Monday, July 18, 2011

Bait and Switch

A guest post from Fr. Scott Adle:

Here is an odd essay about growing up Christian, then getting out once she found out exactly what the relevant churches were doing -- the bait and switch.

This, by the way, is considered the ultimate sign of quality CCM, even amongst Christians: the ability to pass as secular. Every band’s goal was to have teenagers stop their grooving mid-song and exclaim, like a soda commercial actress who’s just realized she’s been drinking Diet, “Wait, this isChristian?” The logic was that the more these bands fit in with what was playing on the radio, the more someone like me would feel comfortable passing their album on to my non-Christian friends (supposing I’d had any), giving them a chance to hear the gospel. . . .

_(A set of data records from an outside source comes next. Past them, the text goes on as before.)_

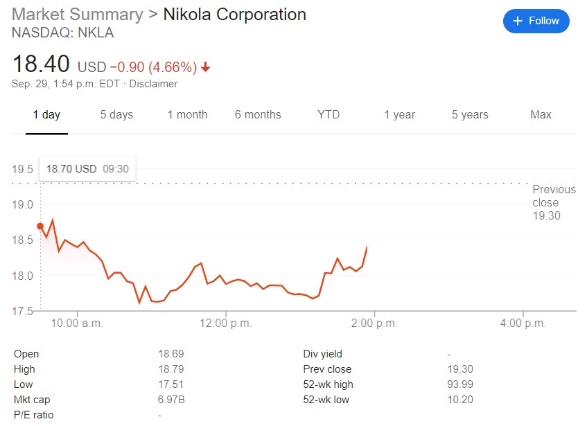 Nikola (NKLA) shares were down nearly 5% during trading on Tuesday, trading at around $18 per share. Shares were as high as $50 after the deal with GM was announced.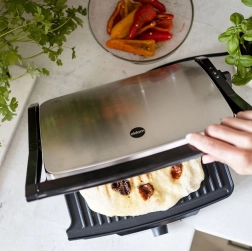 Univerzális elektromos grill mindennapi használatra: érintkezős és sík grill egyben, 2000 W teljesítmény, tapadásmentes lapok, fokozatmentes hőmérséklet-szabályozás és praktikus zsírlevezetés. A 180°-os nyitásnak köszönhetően nagy grillező felületet kap, nem hiányzik a rozsdamentes kivitel, a nem melegedő fogantyú és a üzemjelzők az egyszerű használatért.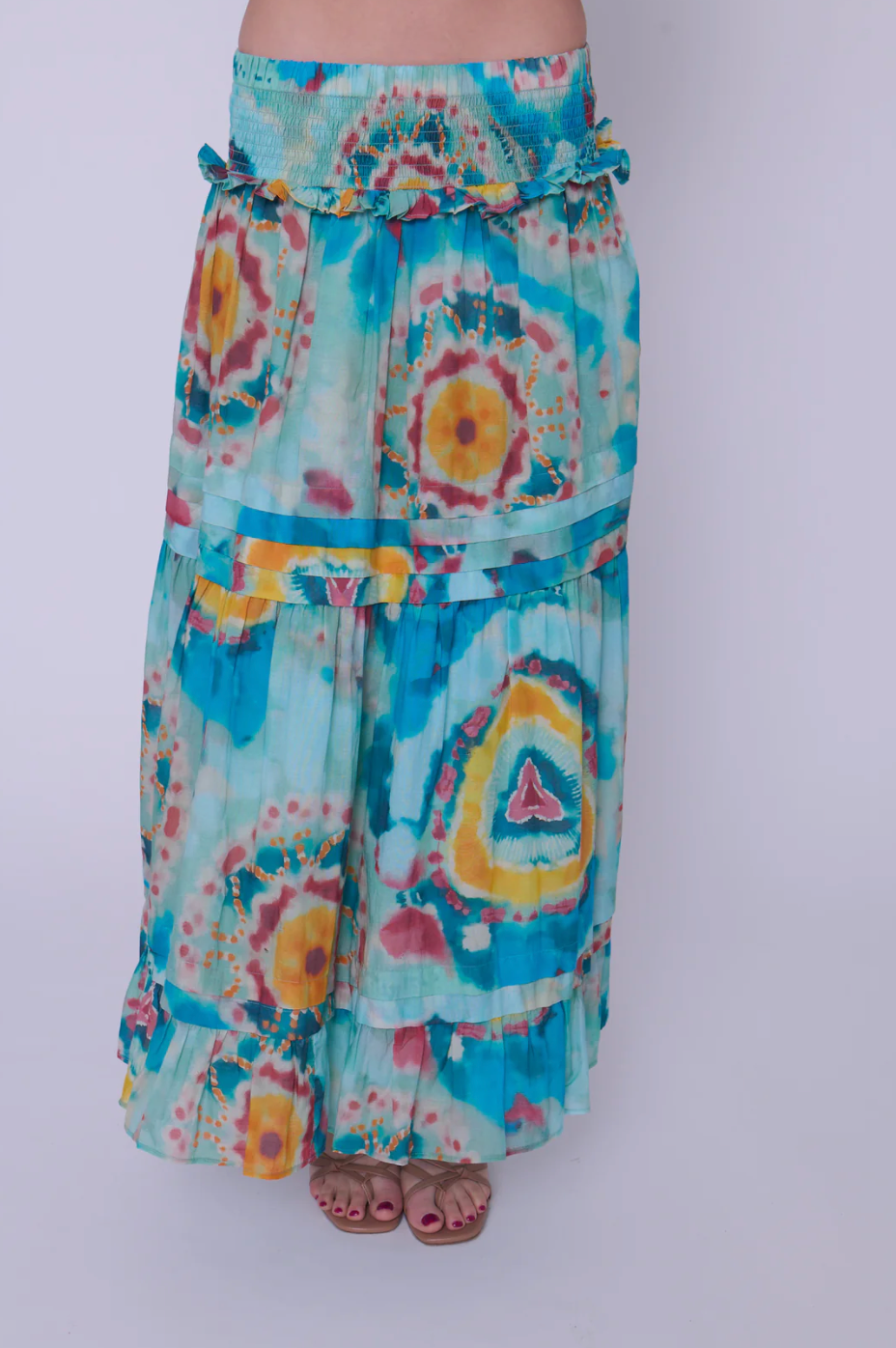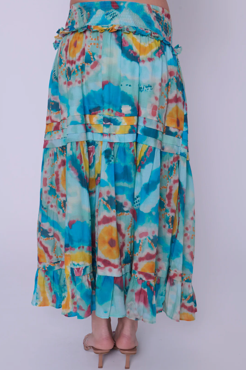 Twirl-worthy and timeless! The Midi length Nolan skirt is easy to slip on with a smocked waist, and soft pintuck pleat details throughout the skirt. Now featured in Love the Label’s vibrant tie dye print, perfect for summer.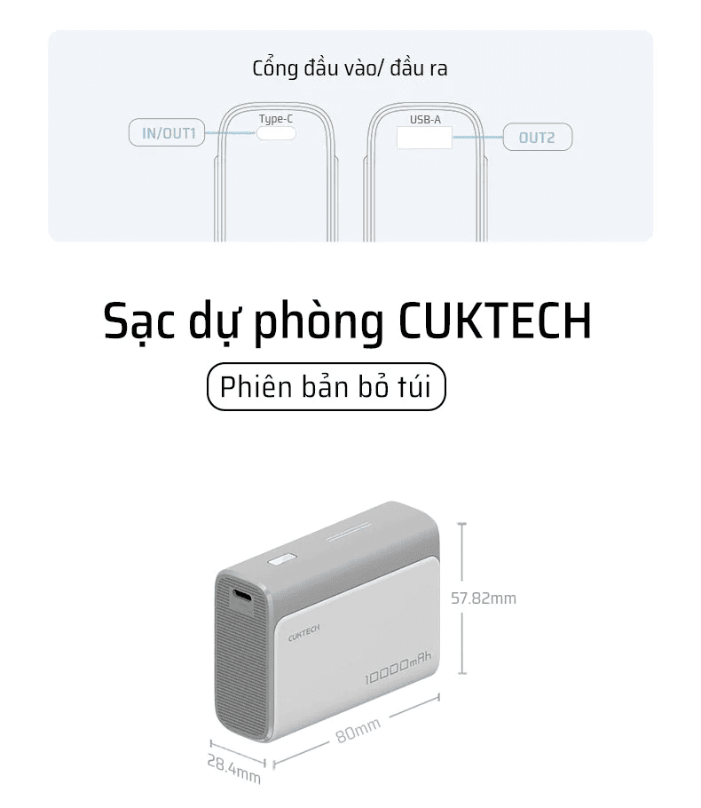 Pin sạc dự phòng 10000mAh CUKTECH PB100 30W không chỉ là một thiết bị cung cấp năng lượng, mà còn là người đồng hành tin cậy trong mọi hoàn cảnh. Với khả năng sạc nhanh, dung lượng vừa đủ, thiết kế gọn nhẹ và tính tương thích cao, đây là sản phẩm hoàn hảo cho nhu cầu di động hiện đại. Hãy sở hữu ngay CUKTECH PB100 để luôn chủ động nguồn năng lượng mọi lúc, mọi nơi.
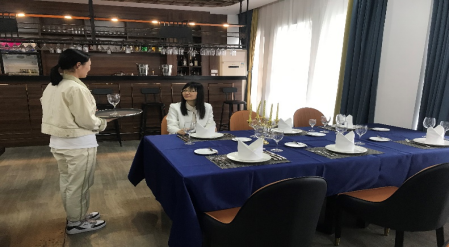 5月10日下午,校第九届学生技能竞赛“餐厅服务”赛项在1601餐饮综合实训室举行,旅游管理专业教师团队担任评委。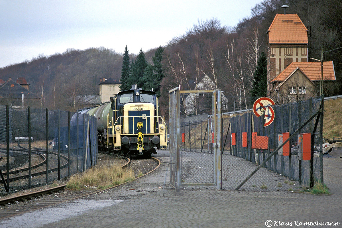 Sehr selten wurde das Treibstofflager für die Panzerbataillone der Hemeraner Blücherkaserne in Sundwig mit Kesselwagen beliefert. Klaus Kampelmann hatte am 31. Januar 1990 Glück, als er 365 834 in dem umzäunten Gelände durch das geöffnete Tor aufnehmen konnte.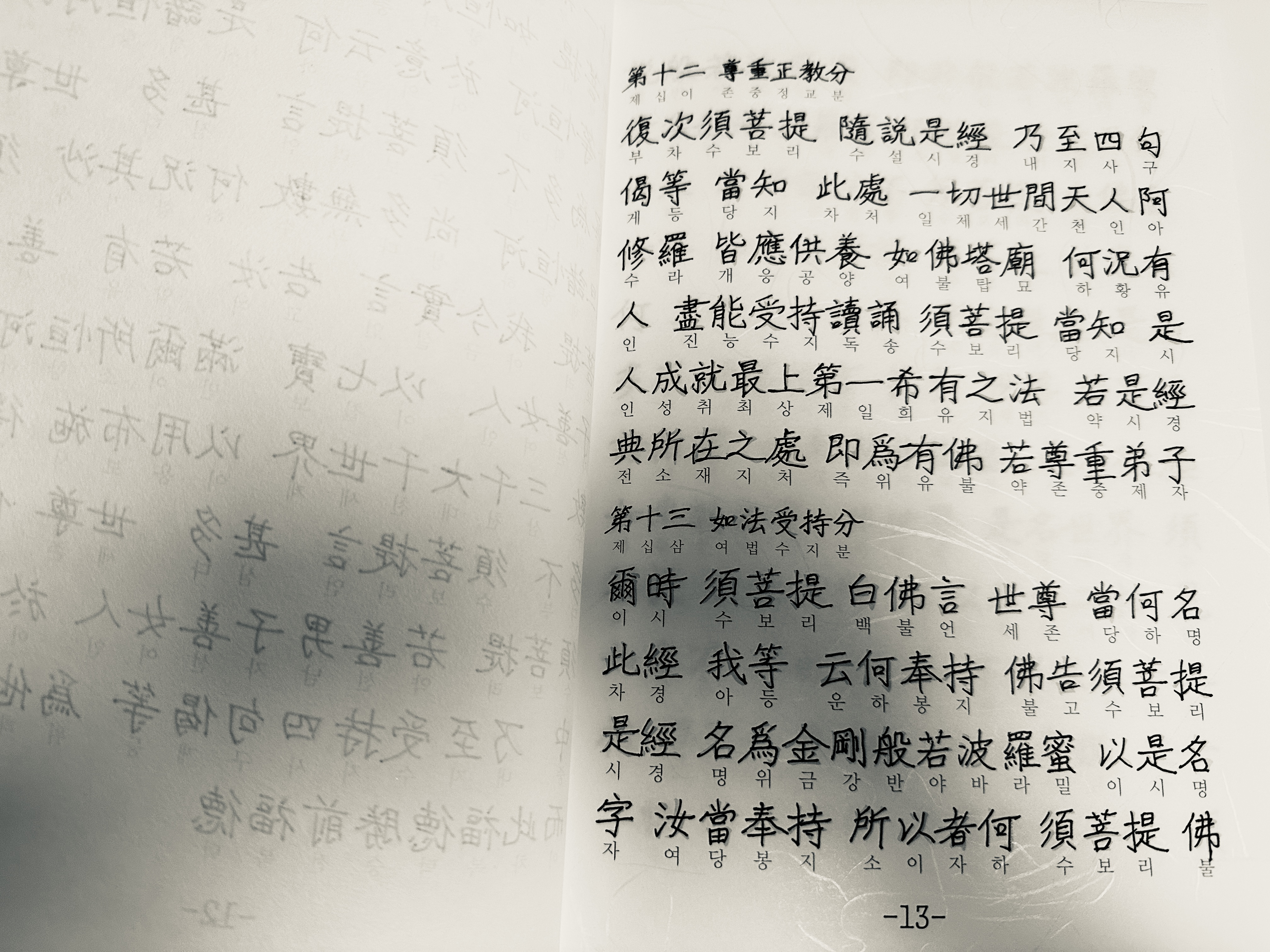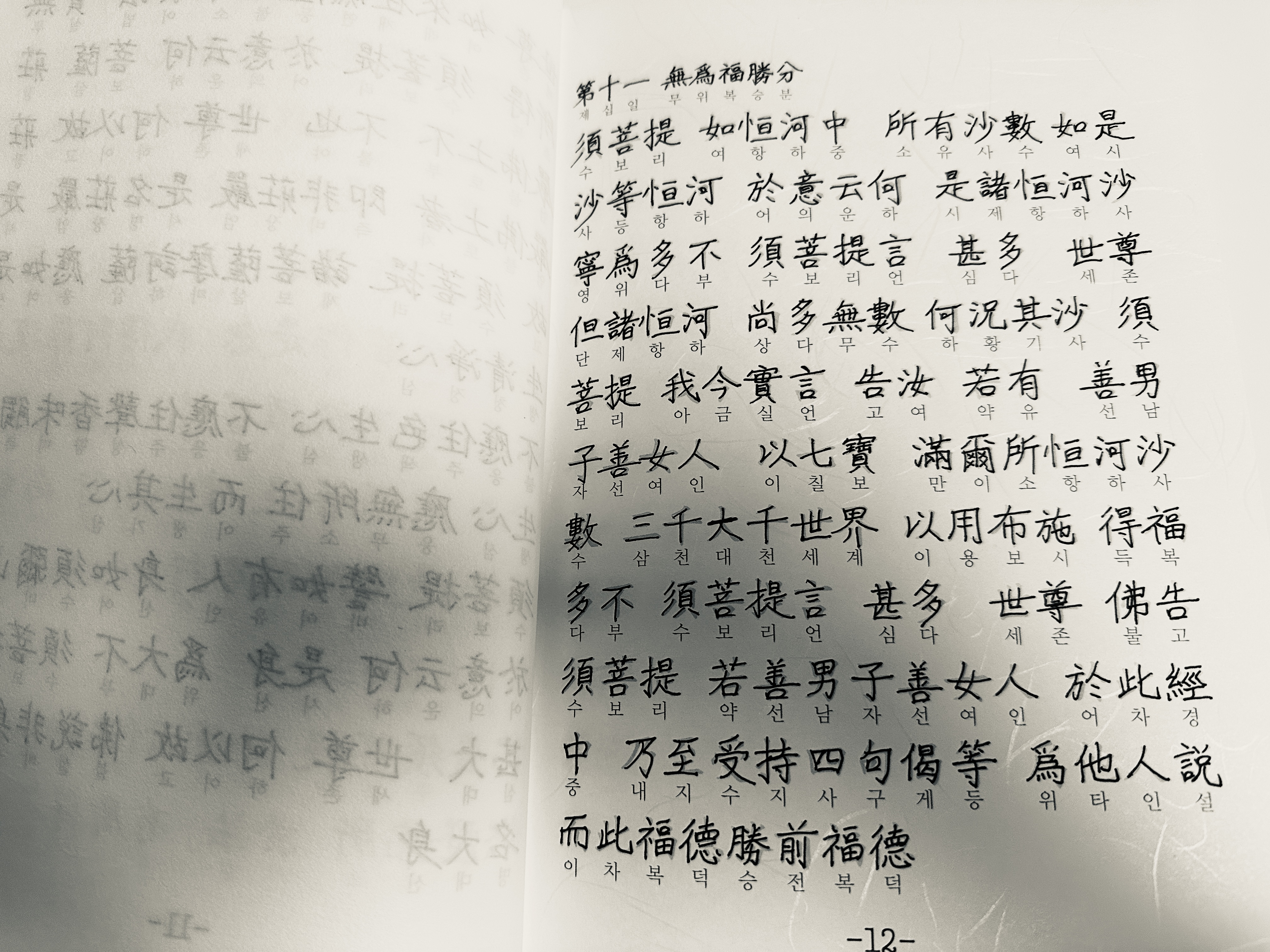 오늘은 금강경 제11장 무위복승분, 제12장 존중정교분, 제13장 여법수지분을 필사했다.

Despite all the affected teenage rebellion, I continued to call myself a Christian into my early twenties. When I finally stopped, it wasn’t because being a believer made me uncool or outdated or freakish. It was because being a Christian no longer meant anything. It was a label to slap on my Facebook page, next to my music preferences. The gospel became just another product someone was trying to sell me, and a paltry one at that because the church isn’t Viacom: it doesn’t have a Department of Brand Strategy and Planning. Staying relevant in late consumer capitalism requires highly sophisticated resources and the willingness to tailor your values to whatever your audience wants. In trying to compete in this market, the church has forfeited the one advantage it had in the game to attract disillusioned youth: authenticity. When it comes to intransigent values, the profit-driven world has zilch to offer. If Christian leaders weren’t so ashamed of those unvarnished values, they might have something more attractive than anything on today’s bleak moral market. In the meantime, they’ve lost one more kid to the competition.


  1. "developing a taste in music that ran the gamut from Christian rap to Christian pop to Christian rock"

    LOL this lady just wrote the jr high/high school section of my biography. I'm pretty sure I've still got an All Star United CD around somewhere, and also The Waiting. Those guys totally should have been bigger than they were.

    Didn't keep any Carman. (But if I ever regret it, the plastic brain of my youth has retained every lyric.)

  2. Rebekah,
    I agree with you about The Waiting and the first ASU album. There are actually some talented musicians and artists toiling under the stereotype of "CCM," and that's a ghetto about as hard to break out of as any.
    Thanks for the tip to the article..

    Pr. Tim Winterstein

  3. It's also important to note that the author nailed the problem with the natural progression following the bait and switch -- ending with there being less and less to switch to, only bait. This is more (anecdotal) proof of something that has been stated by several times on this site -- that changing what you do in the service ends up changing the message you teach and therefore what the church believes. If mass appeal is what you want, you end up learning a lot about the world and what appeals to it, and less and less about the gospel and what the church has done and taught for millennia.

  4. Love The Waiting.

    Some of the most talented artists that were stuck within the CCM ghetto have also been some of the most honest, even harshest, critics of the industry. See Steve Taylor, ASU, Rich Mullins...

  5. One never really knows if things are causal or coincidental, but in the past 24 hours I have heard of two LCMS pastors, both CCM and contemporary worship boosters, who have left the ministry.